Upon graduating you will then be able to take this impressive product to employers to demonstrate to them what you are capable of. There are very few college graduates who can say that they have undertaken a major research project from start to finish. To have done so will put you in the top 5% of college graduates in the U.S. That is a serious advantage.
Unfortunately, many of our anthropology undergraduates often don’t realize what a tremendous accomplishment this is. If you are an anthropology graduate, don’t make this mistake. Be sure to make mention of this in all of your resume related documents and be ready to talk about it in job interviews. (Don’t hide your thesis under a bushel!).
So, what skills can you expect to gain from your thesis research?
Skills You Will Acquire as an Anthropology Major at BYU
1. Ability to communicate through writing and speaking. The final thesis that you will produce will be a 25-50 page paper that demonstrates your thorough engagement with theory and previous research and makes an original contribution to this research with the research findings from your field work. You will spend a lot of time drafting this document and writing and re-writing. As any good writer can tell you, this is the key to becoming a good communicator in writing.
2. Additionally, as part of the process, you will present your research (multiple times) to a number of different audiences. In doing so, you will develop your skills at presenting orally.

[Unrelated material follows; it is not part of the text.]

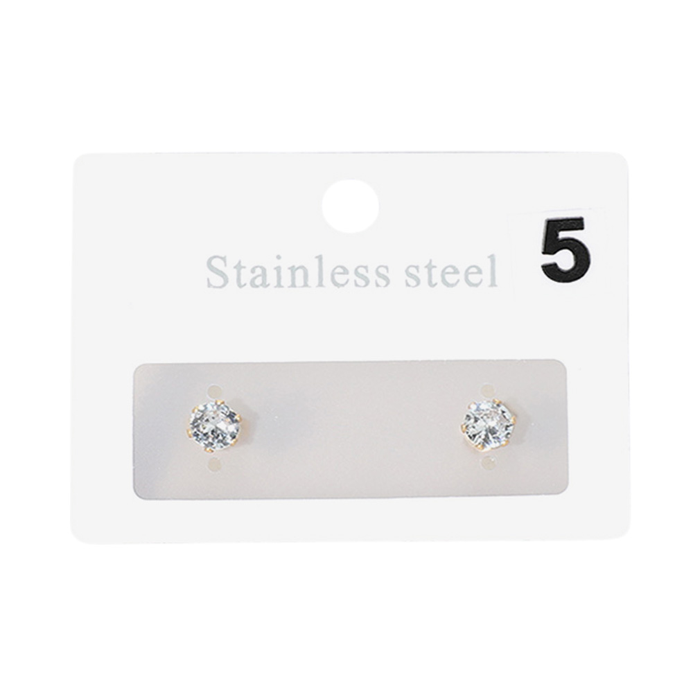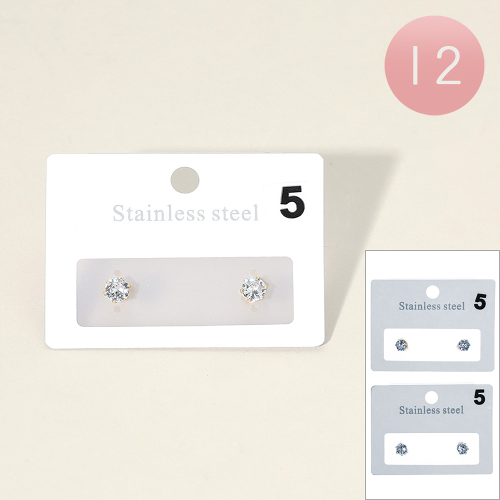 12Pairs - Stainless Steel 0.5mm Round Stone Stud Earrings
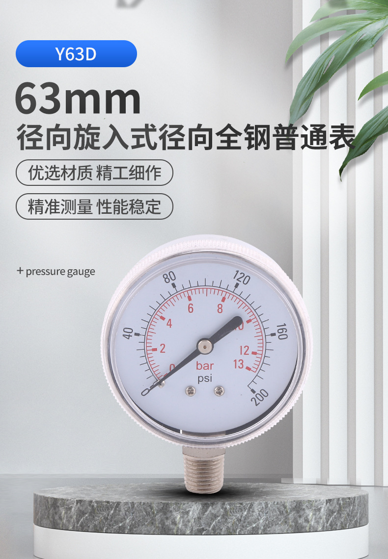 - Wide Compatibility: Universal pressure gauge, model Y63D, compatible with various general industrial and HVAC pressure measurement systems. Replaces standard 63mm radial type gauges for broad application.

3. The ability to work in teams (typically, you will be working with others in your field site).
4. Ability to design and carry out research independently. This includes designing a research project from scratch, starting with question design, background literature review, design of what you will do in the field, and carrying out that research in the field.
5. Abillity to independently analyze and interpret data that you have collected during your field work. In doing this you will develop skills using qualitative data analysis software to analyze the data you have collected.
6. Ability to communicate clearly and effectively in oral and written form. In addition to your thesis paper, you will have multiple opportunities to present your findings and will receive constructive feedback each step along the way.
Other skills you will gain from general coursework in Anthropology
7. Ability to understand different cultures and to know how to completely communicate accross cultural difference.
8. Critical thinking skills. You will develop this attribute in every course you take in Anthropology as we challenge you to think differently and to question your basic assumptions and understandings about the world around you.
9. Ability to communicate well in writing. Most anthropology courses involve writing of some sort or other.
10. Think about the world differently.
With these learned skills you will now be prepared to enter the workforce and excel in whatever field you choose.